**Work task:** Exact copies of all the lines below are wanted, without a single picture.

**Data records:**
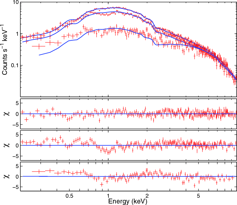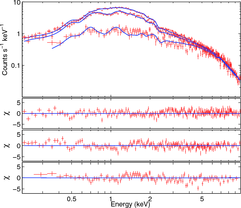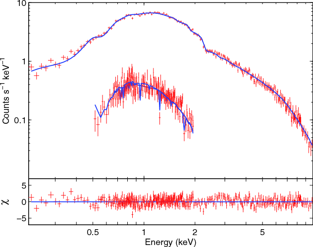 We use EPIC-pn spectra in the energy range 0.2-10 keV. We restrict the RGS spectra (RGS1 and RGS2, order 1) to the energy range of 0.5-2.0 keV because very few source events are detected below 0.5 keV.
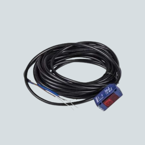 Photoelectric sensor XUM: Multi-function type, sensing range Sn 0-10m, operates on 12-24VDC, with a 2m cable.
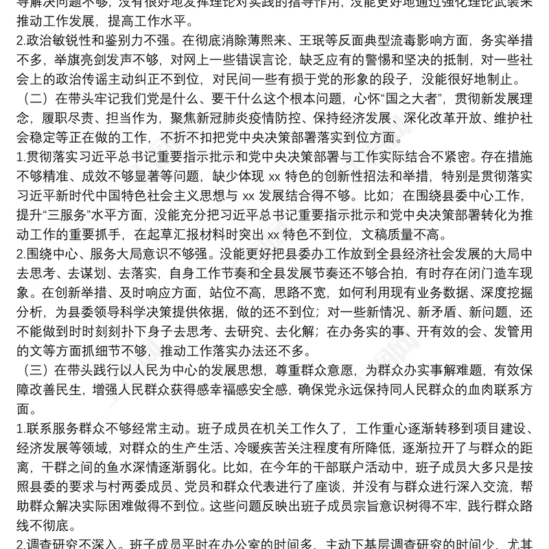 縣委辦公室班子2022年度黨史學習教育五個帶頭民主生活會對照檢查材料 Array
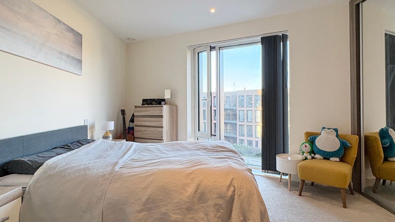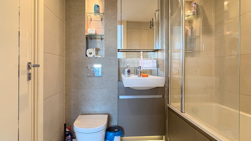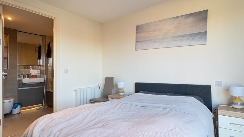 The spacious double bedroom offers built-in storage and a calm, comfortable environment, while the modern bathroom is finished to a high standard with contemporary fixtures and fittings. Additional storage space within the apartment adds to the practicality of the home.
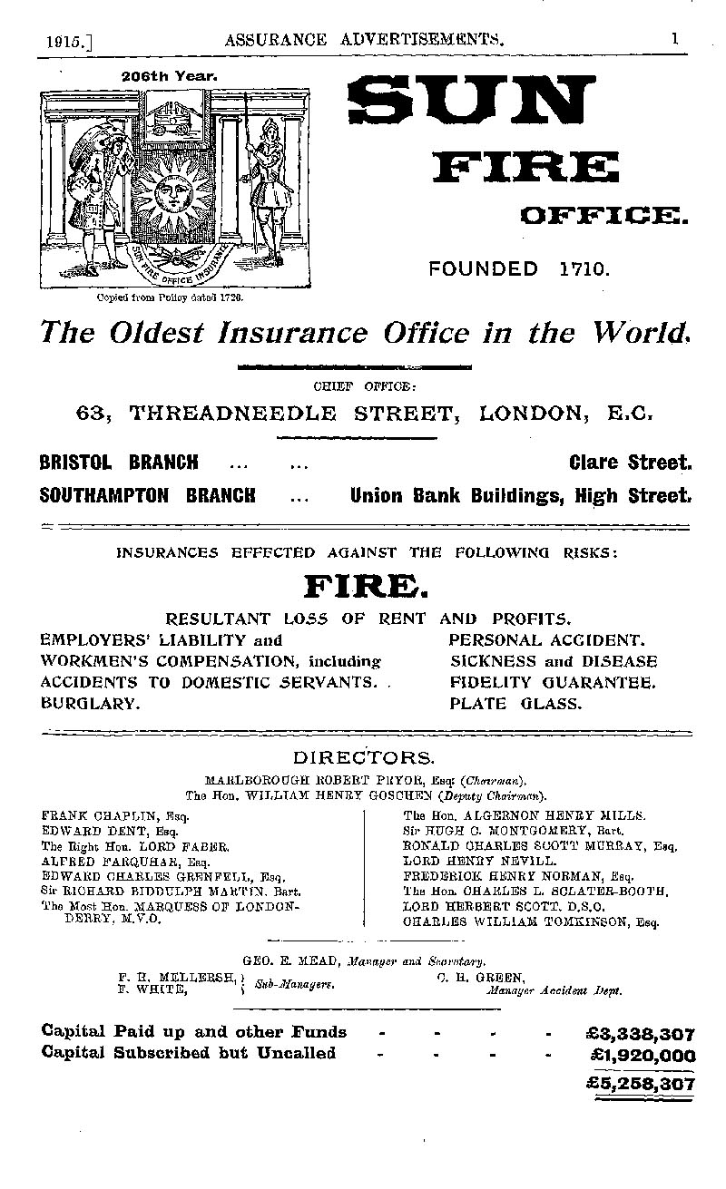 Page 1 Advertisement for the Sun Fire Office
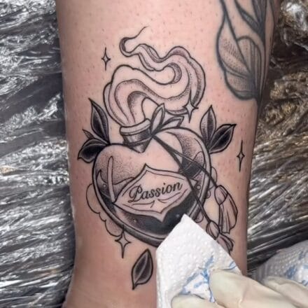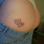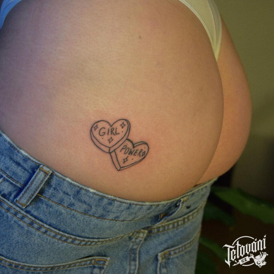 Tetování srdce s písmem a nápisy na zadku
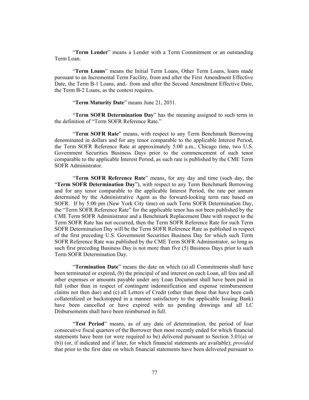 “Term Lender” means a Lender with a Term Commitment or an outstanding Term Loan. “Term Loans” means the Initial Term Loans, Other Term Loans, loans made pursuant to an Incremental Term Facility, from and after the First Amendment Effective Date, the Term B-1 Loans, and, from and after the Second Amendment Effective Date, the Term B-2 Loans, as the context requires. “Term Maturity Date” means June 21, 2031. “Term SOFR Determination Day” has the meaning assigned to such term in the definition of “Term SOFR Reference Rate.” “Term SOFR Rate” means, with respect to any Term Benchmark Borrowing denominated in dollars and for any tenor comparable to the applicable Interest Period, the Term SOFR Reference Rate at approximately 5:00 a.m., Chicago time, two U.S. Government Securities Business Days prior to the commencement of such tenor comparable to the applicable Interest Period, as such rate is published by the CME Term SOFR Administrator. “Term SOFR Reference Rate” means, for any day and time (such day, the “Term SOFR Determination Day”), with respect to any Term Benchmark Borrowing and for any tenor comparable to the applicable Interest Period, the rate per annum determined by the Administrative Agent as the forward-looking term rate based on SOFR. If by 5:00 pm (New York City time) on such Term SOFR Determination Day, the “Term SOFR Reference Rate” for the applicable tenor has not been published by the CME Term SOFR Administrator and a Benchmark Replacement Date with respect to the Term SOFR Rate has not occurred, then the Term SOFR Reference Rate for such Term SOFR Determination Day will be the Term SOFR Reference Rate as published in respect of the first preceding U.S. Government Securities Business Day for which such Term SOFR Reference Rate was published by the CME Term SOFR Administrator, so long as such first preceding Business Day is not more than five (5) Business Days prior to such Term SOFR Determination Day. “Termination Date” means the date on which (a) all Commitments shall have been terminated or expired, (b) the principal of and interest on each Loan, all fees and all other expenses or amounts payable under any Loan Document shall have been paid in full (other than in respect of contingent indemnification and expense reimbursement claims not then due) and (c) all Letters of Credit (other than those that have been cash collateralized or backstopped in a manner satisfactory to the applicable Issuing Bank) have been cancelled or have expired with no pending drawings and all LC Disbursements shall have been reimbursed in full. “Test Period” means, as of any date of determination, the period of four consecutive fiscal quarters of the Borrower then most recently ended for which financial statements have been (or were required to be) delivered pursuant to Section 5.01(a) or (b)) (or, if indicated and if later, for which financial statements are available); provided that prior to the first date on which financial statements have been delivered pursuant to 77
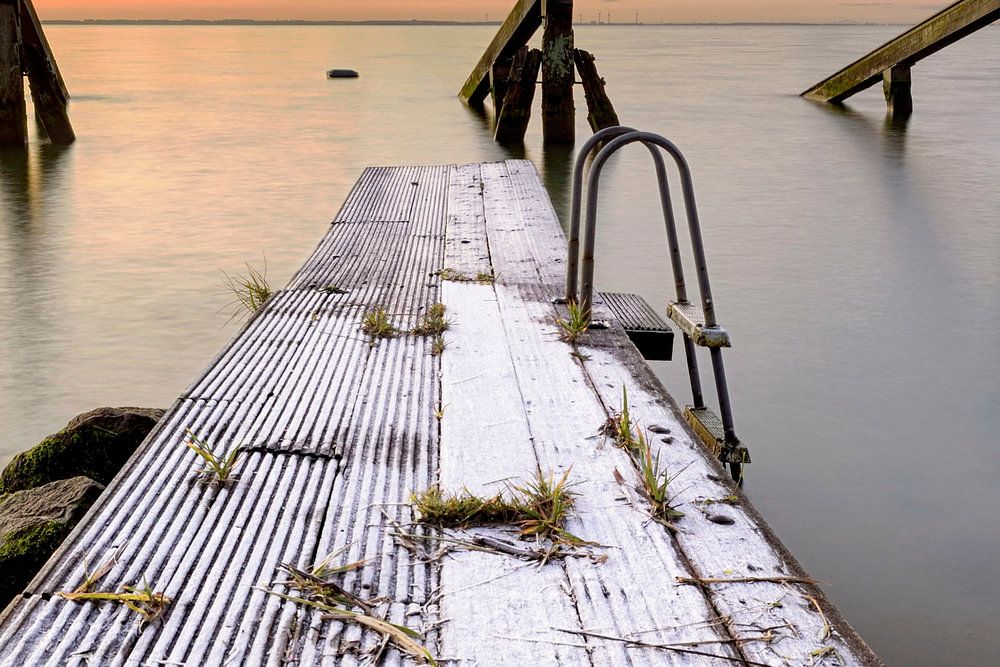 Eisbrecher Marken bei Sonnenaufgang mit etwas Frost auf dem Steg.
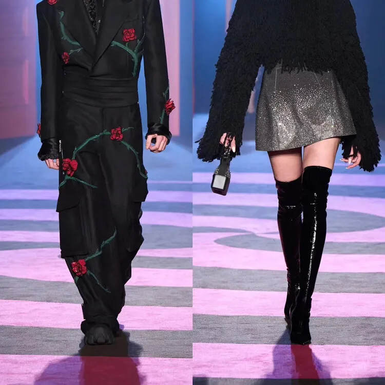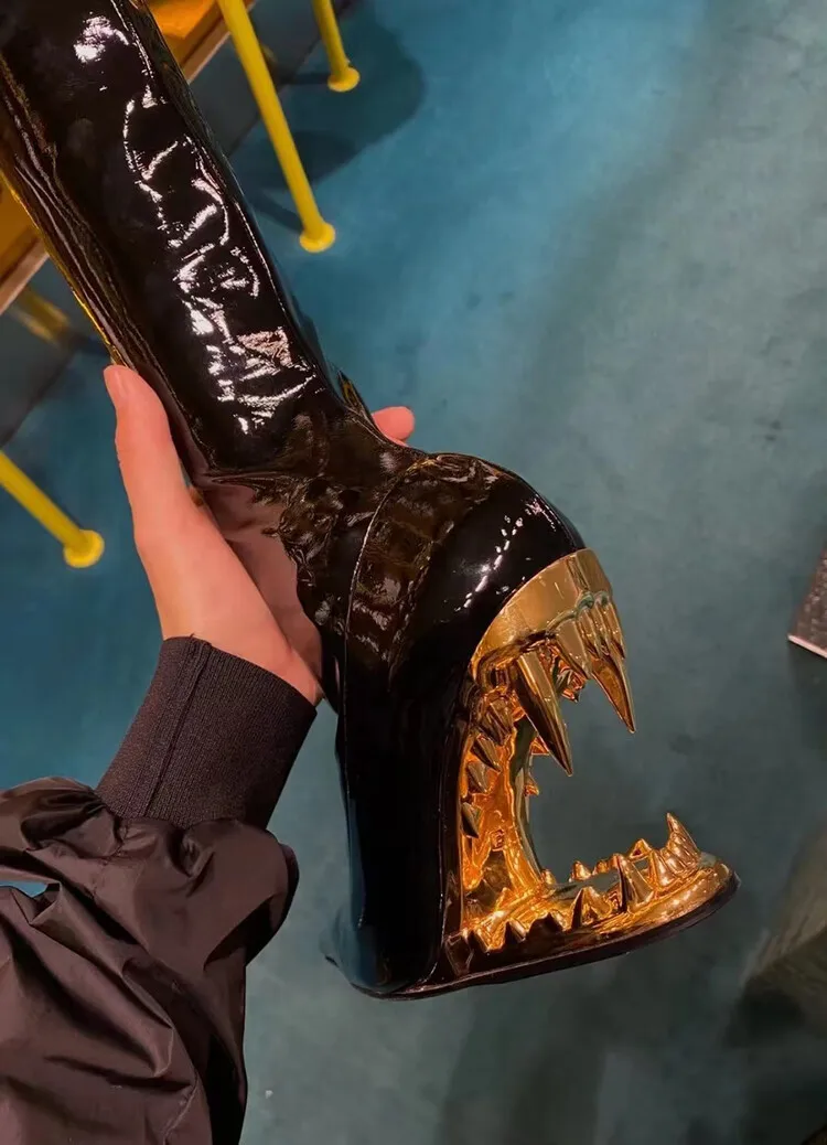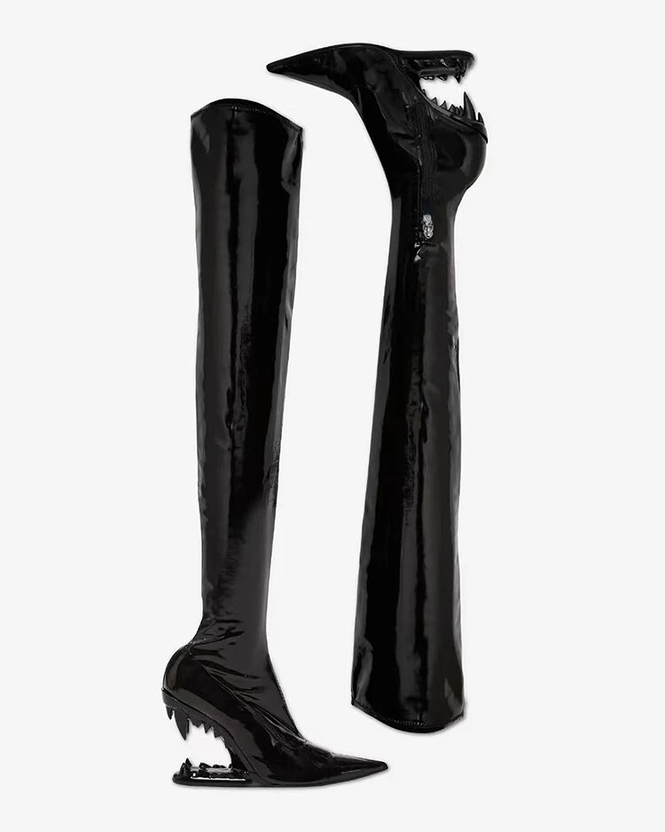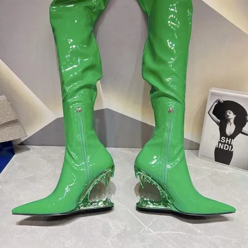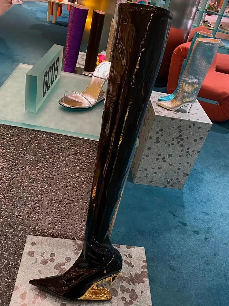Stivali elastici al ginocchio con tacco a denti di tigre a punta per donna, scarpe da spettacolo per banchetti europee e americane, moda autunno e inverno, 2023 1Stivali elastici al ginocchio con tacco a denti di tigre a punta per donna, scarpe da spettacolo per banchetti europee e americane, moda autunno e inverno, 2023

**Result:**
 We use EPIC-pn spectra in the energy range 0.2-10 keV. We restrict the RGS spectra (RGS1 and RGS2, order 1) to the energy range of 0.5-2.0 keV because very few source events are detected below 0.5 keV.
 Photoelectric sensor XUM: Multi-function type, sensing range Sn 0-10m, operates on 12-24VDC, with a 2m cable.
 縣委辦公室班子2022年度黨史學習教育五個帶頭民主生活會對照檢查材料 Array
 The spacious double bedroom offers built-in storage and a calm, comfortable environment, while the modern bathroom is finished to a high standard with contemporary fixtures and fittings. Additional storage space within the apartment adds to the practicality of the home.
 Page 1 Advertisement for the Sun Fire Office
 Tetování srdce s písmem a nápisy na zadku
 “Term Lender” means a Lender with a Term Commitment or an outstanding Term Loan. “Term Loans” means the Initial Term Loans, Other Term Loans, loans made pursuant to an Incremental Term Facility, from and after the First Amendment Effective Date, the Term B-1 Loans, and, from and after the Second Amendment Effective Date, the Term B-2 Loans, as the context requires. “Term Maturity Date” means June 21, 2031. “Term SOFR Determination Day” has the meaning assigned to such term in the definition of “Term SOFR Reference Rate.” “Term SOFR Rate” means, with respect to any Term Benchmark Borrowing denominated in dollars and for any tenor comparable to the applicable Interest Period, the Term SOFR Reference Rate at approximately 5:00 a.m., Chicago time, two U.S. Government Securities Business Days prior to the commencement of such tenor comparable to the applicable Interest Period, as such rate is published by the CME Term SOFR Administrator. “Term SOFR Reference Rate” means, for any day and time (such day, the “Term SOFR Determination Day”), with respect to any Term Benchmark Borrowing and for any tenor comparable to the applicable Interest Period, the rate per annum determined by the Administrative Agent as the forward-looking term rate based on SOFR. If by 5:00 pm (New York City time) on such Term SOFR Determination Day, the “Term SOFR Reference Rate” for the applicable tenor has not been published by the CME Term SOFR Administrator and a Benchmark Replacement Date with respect to the Term SOFR Rate has not occurred, then the Term SOFR Reference Rate for such Term SOFR Determination Day will be the Term SOFR Reference Rate as published in respect of the first preceding U.S. Government Securities Business Day for which such Term SOFR Reference Rate was published by the CME Term SOFR Administrator, so long as such first preceding Business Day is not more than five (5) Business Days prior to such Term SOFR Determination Day. “Termination Date” means the date on which (a) all Commitments shall have been terminated or expired, (b) the principal of and interest on each Loan, all fees and all other expenses or amounts payable under any Loan Document shall have been paid in full (other than in respect of contingent indemnification and expense reimbursement claims not then due) and (c) all Letters of Credit (other than those that have been cash collateralized or backstopped in a manner satisfactory to the applicable Issuing Bank) have been cancelled or have expired with no pending drawings and all LC Disbursements shall have been reimbursed in full. “Test Period” means, as of any date of determination, the period of four consecutive fiscal quarters of the Borrower then most recently ended for which financial statements have been (or were required to be) delivered pursuant to Section 5.01(a) or (b)) (or, if indicated and if later, for which financial statements are available); provided that prior to the first date on which financial statements have been delivered pursuant to 77
 Eisbrecher Marken bei Sonnenaufgang mit etwas Frost auf dem Steg.
Stivali elastici al ginocchio con tacco a denti di tigre a punta per donna, scarpe da spettacolo per banchetti europee e americane, moda autunno e inverno, 2023 1Stivali elastici al ginocchio con tacco a denti di tigre a punta per donna, scarpe da spettacolo per banchetti europee e americane, moda autunno e inverno, 2023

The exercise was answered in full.